Privacy Protections Stripped From CISA Bill

Privacy Protections Stripped From CISA Bill

The strongly-disliked Cybersecurity Information Sharing Act (CISA) will most probably become law this week - with language “worse” than originally feared.

The legislation was passed by both the House of Representatives and the Senate, but not without first receiving a significant makeover. The amendments removed most of CISA’s privacy protections. Moreover, the Act was combined into a much larger omnibus bill that Obama is very unlikely to veto.

Legislative analyst Mark Jaycox proffered that, “It looks like a done deal. It’s what we’ve been saying about CISA from the start - this has been couched as a security bill but it’s not.”

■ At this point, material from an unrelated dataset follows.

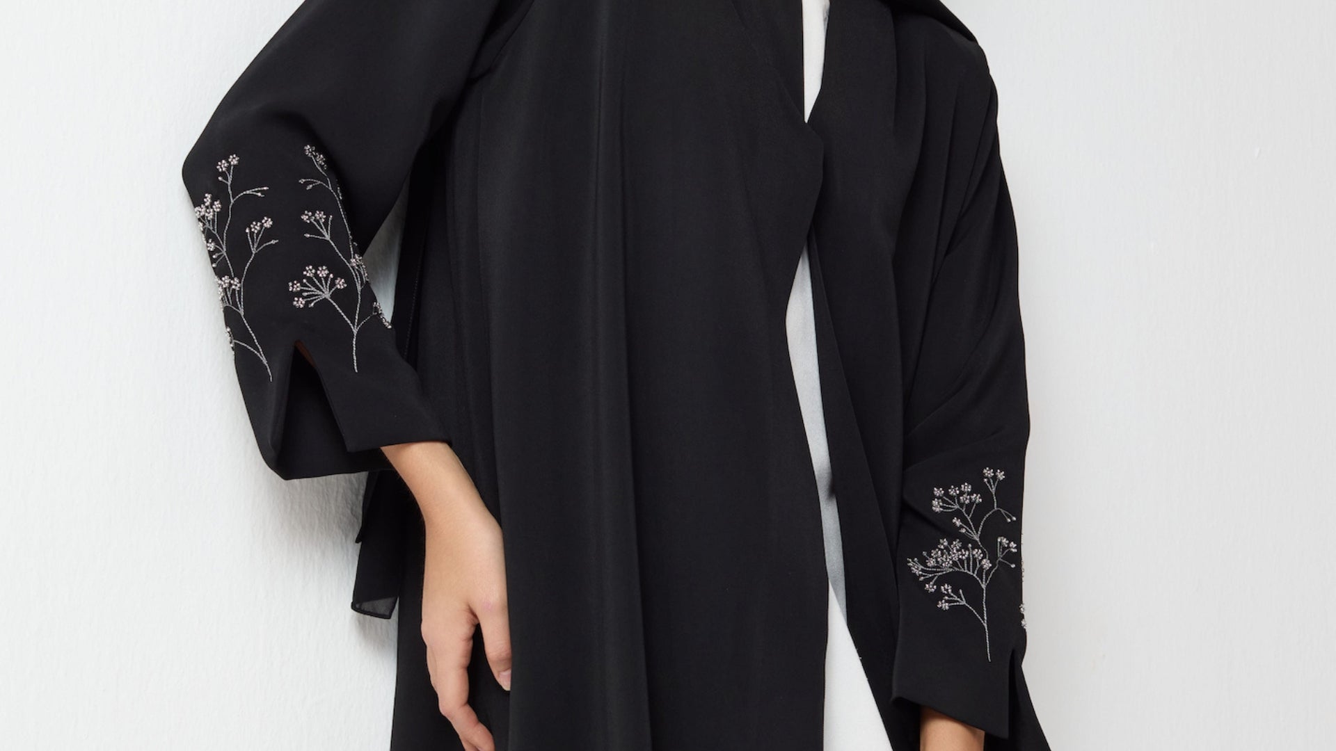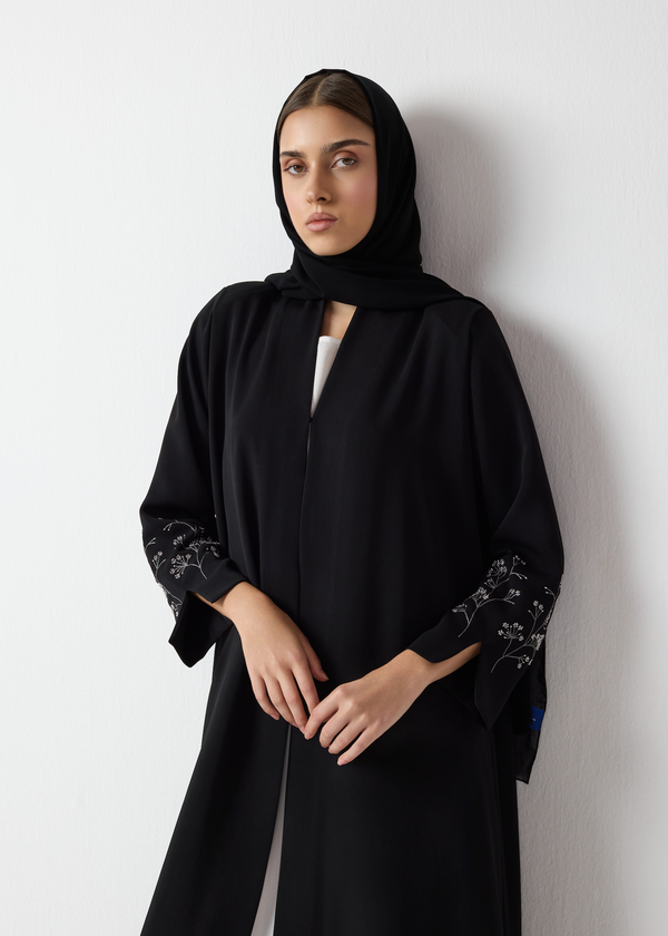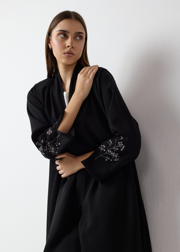 We translate the spirit of Sadim (nebula) into thread: star-like accents, celestial arcs, luminous gradients, and botanical constellations applied to black abayas, open abayas, kimono and farasha silhouettes, evening gowns, and kaftans. Keywords we satisfy naturally: embroidered abaya uae, hand embroidered abaya dubai, evening abaya with embroidery, modest evening wear uae, eid abaya, wedding abaya.

Under the original terms of the CISA legislation, companies were to share their customers’ information with federal government departments once it was anonymized. At that point, the government could analyze the data for online threats, while the data-providing companies received legal immunity from prosecution for breaking privacy agreements.

But the proposed bill was amended and the privacy portions were stripped away. As it currently reads, companies do not have to anonymize users’ data before turning it over to the feds. Moreover, the government can use the data for surveillance and for other non-cybercrime activities. Furthermore, even if companies identify security failures, they do not have to report said failures.

Democrat Senator Ron Wyden opined that, “This ‘cybersecurity’ bill was a bad bill when it passed the Senate and it is an even worse bill today. Americans deserve policies that protect both their security and their liberty. This bill fails on both counts. Cybersecurity experts say CISA will do little to prevent major hacks and privacy advocates know that this bill lacks real, meaningful privacy protections.”

The chance to challenge the new changes to CISA before it becomes law is also quite limited since the bill was folded into an omnibus bill that has too much riding on it for Obama to veto.  

Jaycox points out that all hope is not lost and there is still work to be done.

He pointed out that, “We need to work on the further education of Congress; this isn’t the be-all and end-all security bill – there will be others. CISA also has to be implemented by departments, notably the Department of Homeland Security, and we’ll be watching how this is done.”

Traditionally, the most effective way to overcome “bad” laws is to challenge them in the courts. But that approach may not work in the case of CISA. Specifically, the legislation’s language provides that all data handed over to the feds is immune from Freedom of Information Act (FOIA) requests. This provision will make it very difficult for individuals to protect their privacy from intrusion by the government.